I have had back problems for a long time--some of it was related to sports injuries when I was a teenager. Some of it is genetics as my dad and brother both have had similar problems and these problems were made worse by my first pregnancy. I learned the hard way to be careful with my spine. It's very easy to injure your spine simply by standing in the wrong way or even moving too quickly. I had a professor that literally reached down to help her grandson do something--did it too fast and at an awkward angle and eventually had to have back surgery because of it.
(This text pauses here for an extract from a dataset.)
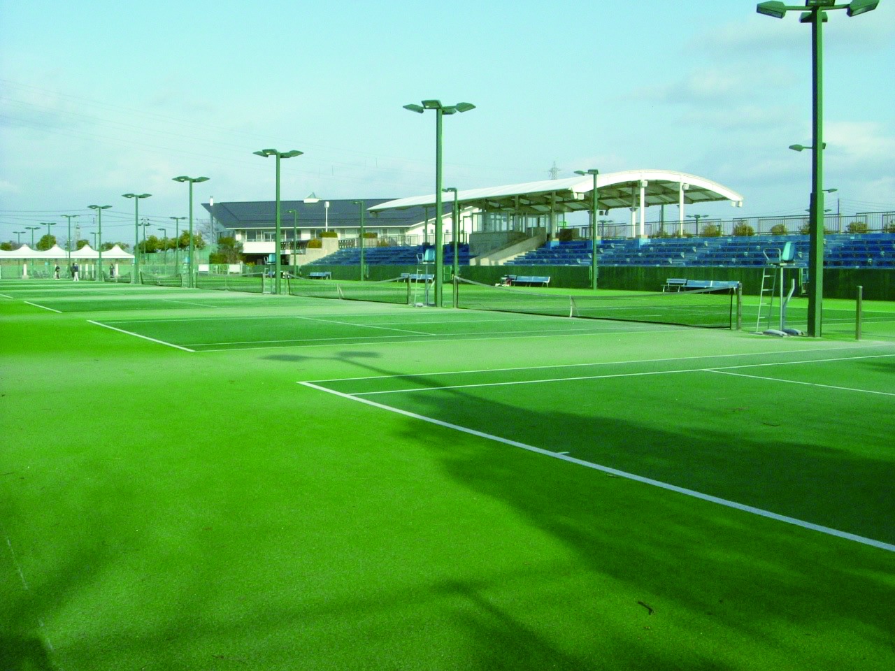 ●テニスコート16面(砂入人工芝、ナイター照明完備)

So, all I can say is that no matter what, be careful with your spine. My son was 2.5-years-old when I got pregnant with my daughter. He learned very quickly that mama couldn't pick him up anymore. I tried it a few times and the irritation to my back reminded me of how debilitating my condition could be if I wasn't careful. If my husband saw me try it he would totally not stand for it because he's had to haul me around when I was dealing with back injuries and take care of me--he knows how bad it can be.

There were a lot of physical things I couldn't do any more with my son. It just made me focus on other ways I could interact with him. He learned to be more gentle with me. At first I could rough-house a bit with him but by the time I was 5 or 6-months pregnant my body was telling me that that wasn't a good idea--especially since sometimes little children don't know how not to be too rough (the other day I was rough-housing with my now 4-year-old son and he kicked me in the chin on accident!)
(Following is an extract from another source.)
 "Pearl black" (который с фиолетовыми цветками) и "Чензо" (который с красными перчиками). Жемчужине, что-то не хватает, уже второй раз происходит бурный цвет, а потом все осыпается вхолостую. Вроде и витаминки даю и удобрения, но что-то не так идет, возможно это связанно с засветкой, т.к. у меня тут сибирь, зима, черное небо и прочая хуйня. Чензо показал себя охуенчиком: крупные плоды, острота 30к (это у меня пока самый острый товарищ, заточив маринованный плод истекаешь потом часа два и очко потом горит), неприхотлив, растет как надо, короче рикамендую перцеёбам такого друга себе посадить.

By the time my son was 3-years-old he became really good at walking--we stopped using a stroller by the time he was 3-years-old as well. Of course, my son still had his dad to toss him around and wrestle with him and also his grandpa so the fact that I couldn't do the same didn't mean he didn't get that type of physical interaction.
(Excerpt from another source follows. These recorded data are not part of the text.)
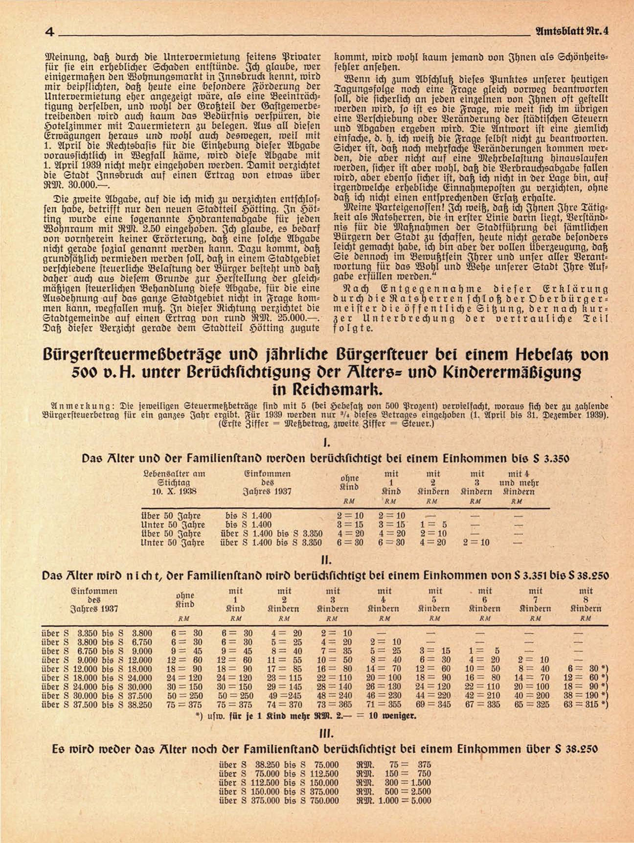 Bürgersteuerbetrag für ein ganzes Jahr ergibt. Für 1939 werden nur V< dieses Betrages eingehoben (1. April bis 31. Dezember 1939).
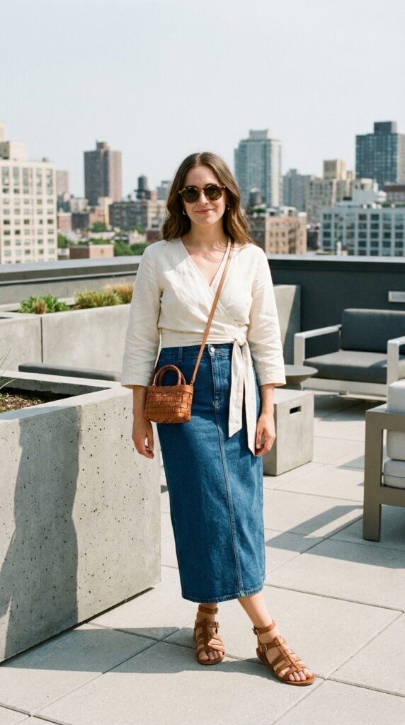 A lightweight knit top styled with a midi denim skirt creates a balanced look. This modern how to style denim skirt outfit pairs well with slides and a tote bag. Comfortable yet refined for day-to-day styling.
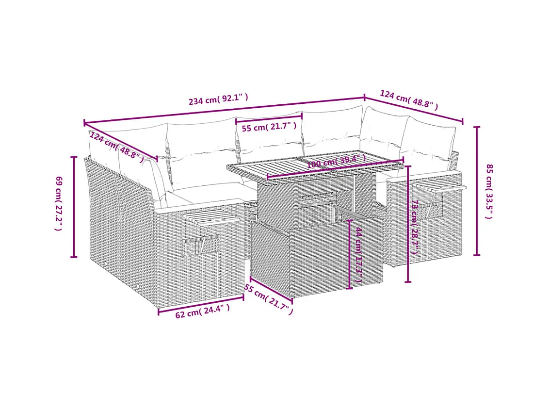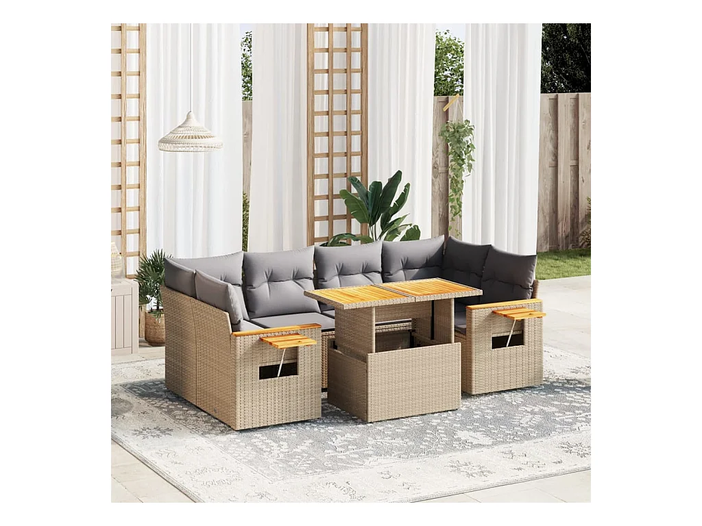 Set sofás de jardín 7 piezas y cojines ratán sintético beige
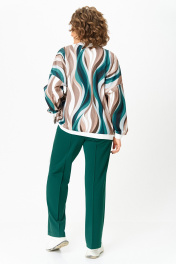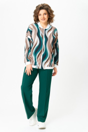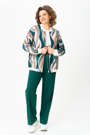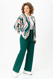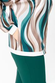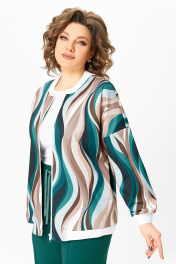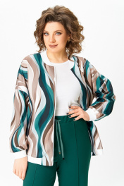 Бомбер женский из вискозного трикотажного полотна свободного кроя со спущенной линией плеча и с центральной застёжкой на молнию. В боковых швах обработаны карманы. Горловина округлая со стойкой из трикотажного довяза. Рукав длинный. По низу рукава и изделия - довяз. Длина изделия по спинке – 64 см
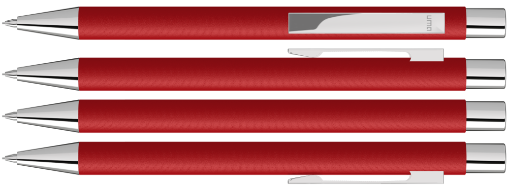 Metall-Druckbleistift (0,7mm) mit mattem Gehäuse. Metallclip, Metallspitze und Drücker silber glänzend. Radiergummi im Drücker.
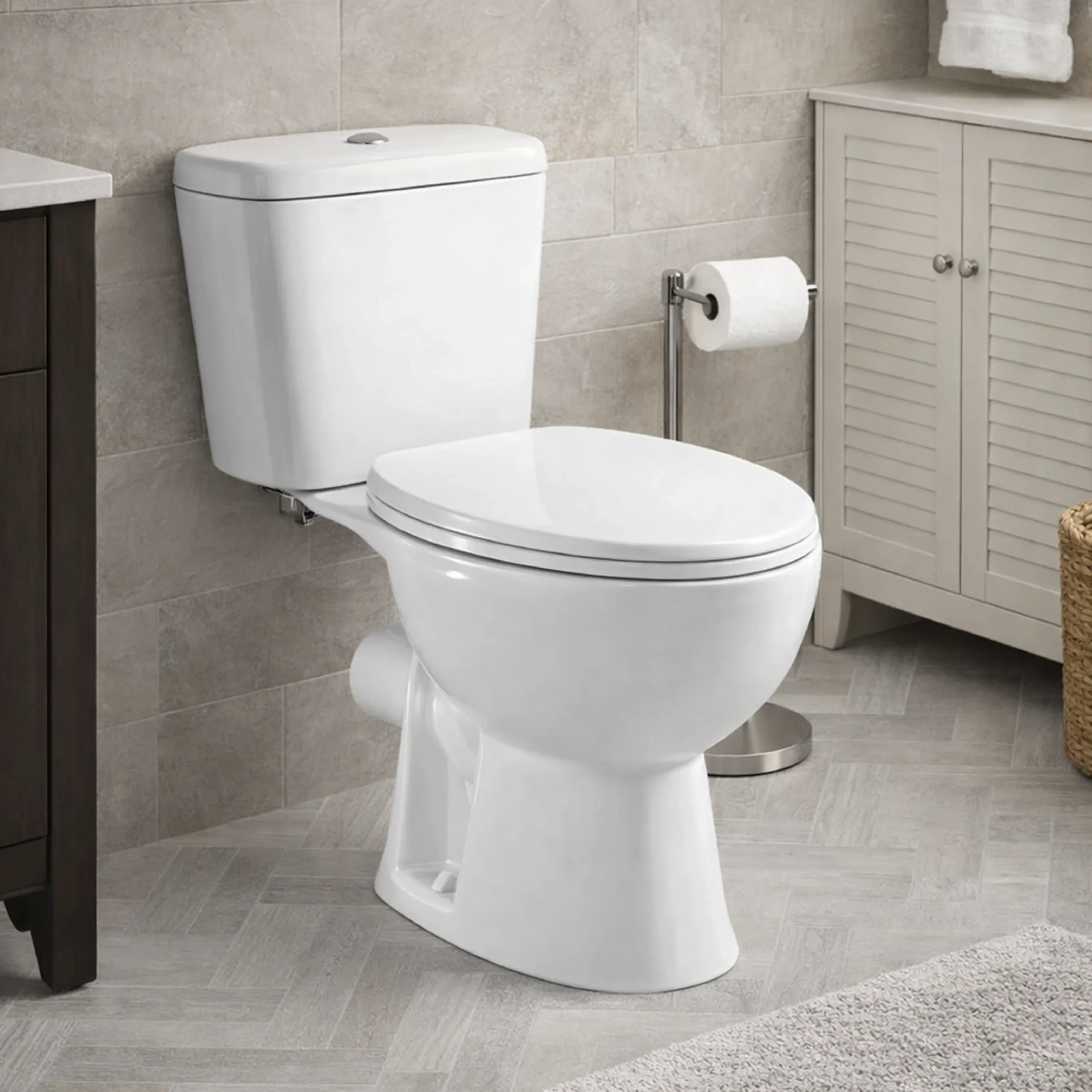 A stylish close couple toilet set featuring a white top flush design for easy everyday use.
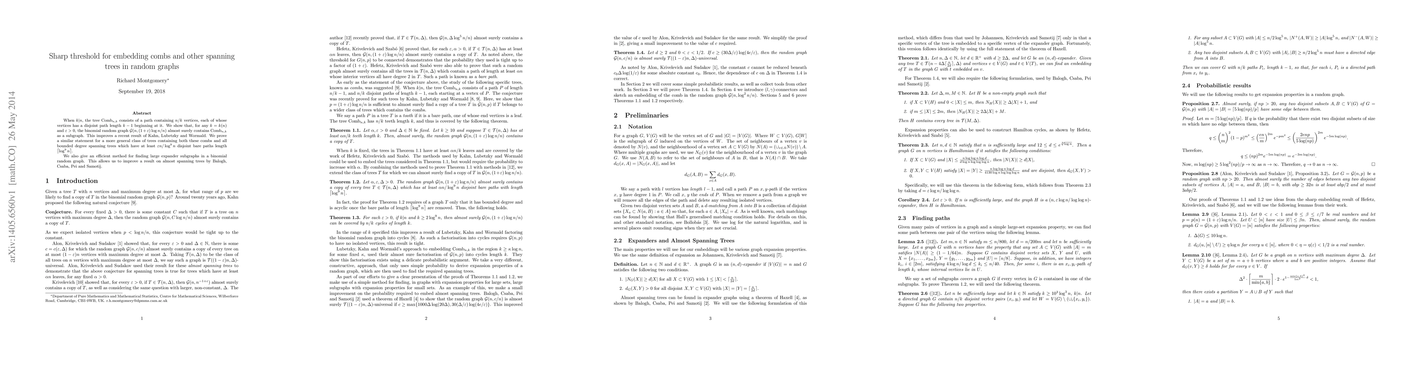 This paper demonstrates a sharp threshold for embedding specific comb-like trees and other bounded degree spanning trees in random graphs, improving upon previous results. It also provides an efficient method for finding large expander subgraphs in binomial random graphs.

Just take it from someone who has suffered greatly with a back injury (at times unable to stand upright, I had to crawl on all fours to get around my home!)--don't risk it by picking your son up. It may be no big deal but there could be that one time and you could have to pay dearly for it. Back injury is one of the most miserable things that can happen to a person.
 
Your nearly three year old should be really independent by now (ie. walking most places)? Mine was just 3 when his brother was born and it just wasn't an issue at all. Why not let him become a little independent and only pick him up or use strollers on very long walks? Cuddles are just as good as picking up and hurt you less!(-:
 
I was pregnant with my 2nd when my son was 2 years old. I carried him alot initially till the bump got bigger and i cut down alot. He would notice how i struggled to walk up the overhead bridge that we'd use on our way to school. He'd ask me to carry him at times, and i told him i've no strength to carry him, can he please hold my hand instead and help me walk on? he would accept it and walk with me. and that wasnt the end. he would ask every 10mins. and got the same answer and walked :)

he did not like the stroller, so i'd use his tricycle and push him to the playground/ shops/ library. we had no helper till i was abt 8mths into the pregnancy. my husband would take over evening and weekends, bring him out with his tricycle, play ball or get groceries.

During this time, we did alot of craft, where i could sit down and work with him. we began making lanterns to light up the home, so that dad would not feel lonely, when we went back to our home country to give birth. it was great. he believed in the cause, spent 1-2 hrs everyday, just cutting, painting, pasting. for 5-6mths!

i also went to our building's playground everyday for 1.5hrs. he would climb + play. i could sit and watch him. when he needed my interaction, we would blow bubbles and snuggle up to read stories. towards the end of my pregnancy, we were still wall painting and walking ard the parks and playgrounds (2x!) everyday.

i couldnt do things very fast, or carry him much. but we still had our fun, just slower and he came out more independent and can i use the word "empathetic"? that he can take care of mummy as much i take care of him.